If we, our development partners, including our NAV Technology Licensees, or our third-party manufacturers or suppliers fail to comply with environmental, health and safety laws and regulations, we could become subject to fines or penalties or incur costs that could materially harm the success of our business.

We, our development partners, including our NAV Technology Licensees, and our third-party manufacturers and suppliers are subject to numerous environmental, health and safety laws and regulations, including those governing laboratory procedures and the generation, handling, use, storage, treatment, manufacture, transportation and disposal of, and exposure to, hazardous materials and wastes, as well as laws and regulations relating to occupational health and safety. Our operations involve the use of hazardous and flammable materials, including chemicals and biologic and radioactive materials. Our operations and the operations of our development partners and third-party manufacturers and suppliers also produce hazardous waste products. We cannot eliminate the risk of contamination or injury from these materials. In the event of contamination or injury resulting from the use of hazardous materials by us, our development partners or our third-party manufacturers or suppliers, we could be held liable for any resulting damages, and any liability could exceed our resources. We also could incur significant costs associated with civil or criminal fines and penalties.

Although we maintain workers’ compensation insurance for certain costs and expenses we may incur due to work-related injuries to our employees, this insurance may not provide adequate coverage against potential liabilities. Although we maintain insurance for claims that may be asserted against us in connection with our storage or disposal of biologic, hazardous or radioactive materials, this insurance may not be adequate to cover all liabilities that we may incur in connection with such claims.
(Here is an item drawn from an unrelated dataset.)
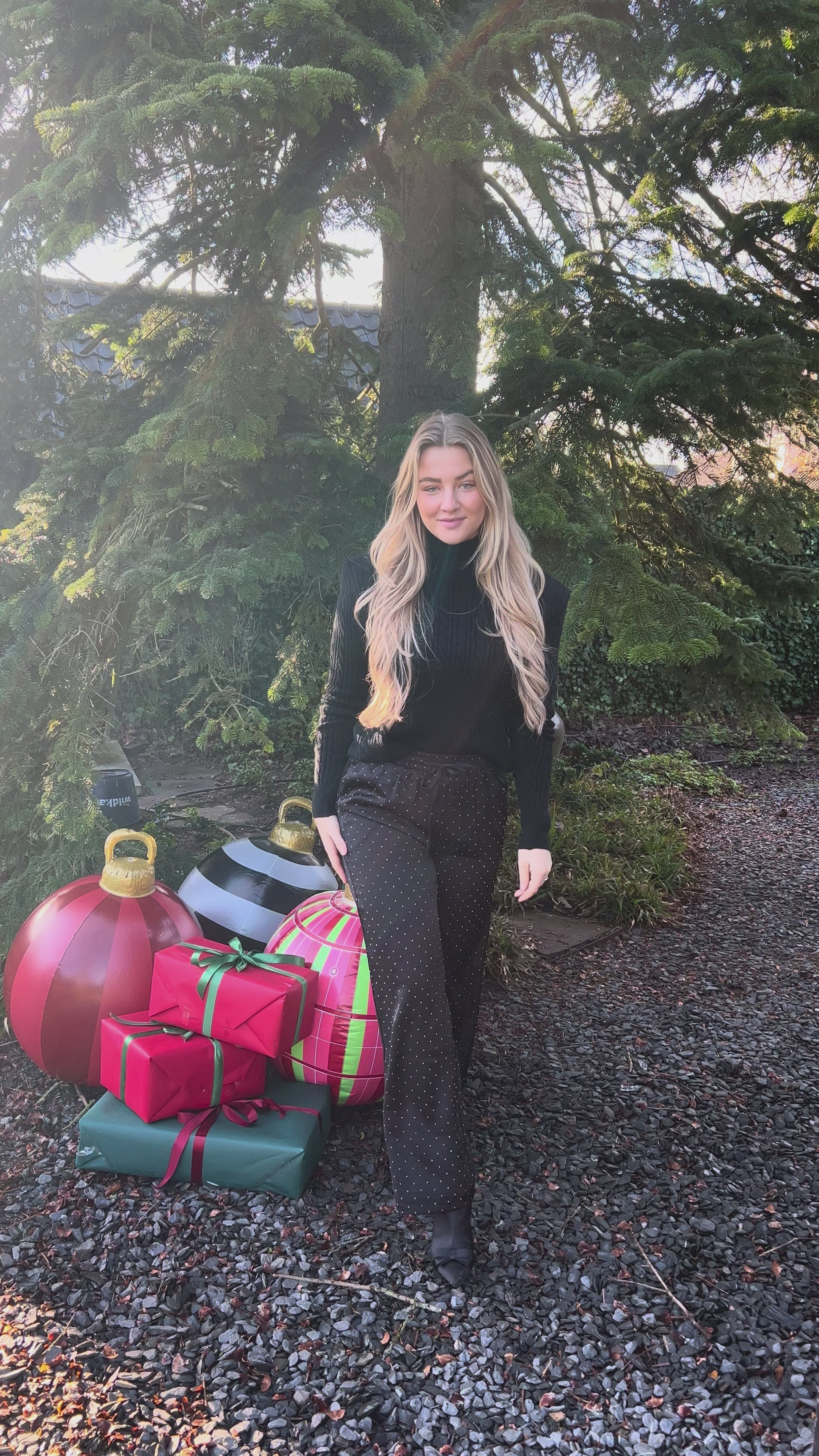 Deze bijpassende zwarte broek maakt je outfit compleet met een stijlvolle en moderne uitstraling. De subtiele studdetails geven een speelse, edgy touch, terwijl de comfortabele pasvorm ervoor zorgt dat de broek mooi aansluit en elegant valt. Perfect om te combineren met de Nell top voor een krachtige, gecoördineerde look – zowel feestelijk als fashionable voor elke dag.

In addition, we may incur substantial costs in order to comply with current or future environmental, health and safety laws and regulations, which have tended to become more stringent over time. These current or future laws and regulations may impair us or our development partners’, including our NAV Technology Licensees’, research, development or production efforts. Failure to comply with these laws and regulations also may result in substantial fines, penalties or other sanctions or liabilities, which could materially harm our business, financial condition, results of operations and prospects.

We and third parties on which we rely may be harmed by natural disasters and our business continuity and disaster recovery plans may not adequately protect us from a serious disaster.

Natural disasters could severely disrupt our operations or the operations of our third parties’ manufacturing or supply facilities and materially harm our business, financial condition, results of operations and prospects. If a natural disaster, power outage or other event occurred that prevented us from using all or a significant portion of our headquarters, that damaged critical infrastructure or that otherwise disrupted operations, it may be difficult or, in certain cases, impossible for us to continue our business for a substantial period of time. The disaster recovery and business continuity plans we have in place currently are limited and may not prove adequate in the event of a serious disaster or similar event. Our third party manufacturing and supply facilities, as well as substantially all of our current supply of product candidates, are located in a small number of geographic locations, and should a natural disaster, power outage or other event occur that affects one of our third party manufacturing or supply facilities, manufacturing or supply delays may result should we need to transfer manufacturing or supply operations to another facility. We may incur substantial expenses as a result of the limited nature of our disaster recovery and business continuity plans, which could materially harm our business, financial condition, results of operations and prospects.

We are increasingly dependent on information technology systems, infrastructure and data.

We are increasingly dependent upon information technology systems, infrastructure and data. Our computer systems or our business partners’ computer systems may be vulnerable to service interruption or destruction, malicious intrusion and random attack. Security breaches pose a risk that sensitive data, including intellectual property, trade secrets or personal information, may be exposed to unauthorized persons or to the public. Cyber-attacks are increasing in their frequency, sophistication and intensity, and have become increasingly difficult to detect. Cyber-attacks could include the deployment of harmful malware, denial-of service, social engineering and other means to affect service reliability, threaten data confidentiality, integrity and availability and fraudulently obtain funds. Our business partners face similar risks, and a security breach of their systems could adversely affect our security posture. While we continue to invest in data protection and information technology, there can be no assurance that our efforts will prevent service interruptions, or identify breaches in our systems, that could adversely affect our business and operations and/or result in the loss of critical or sensitive information, which could result in financial, legal, business or reputational harm.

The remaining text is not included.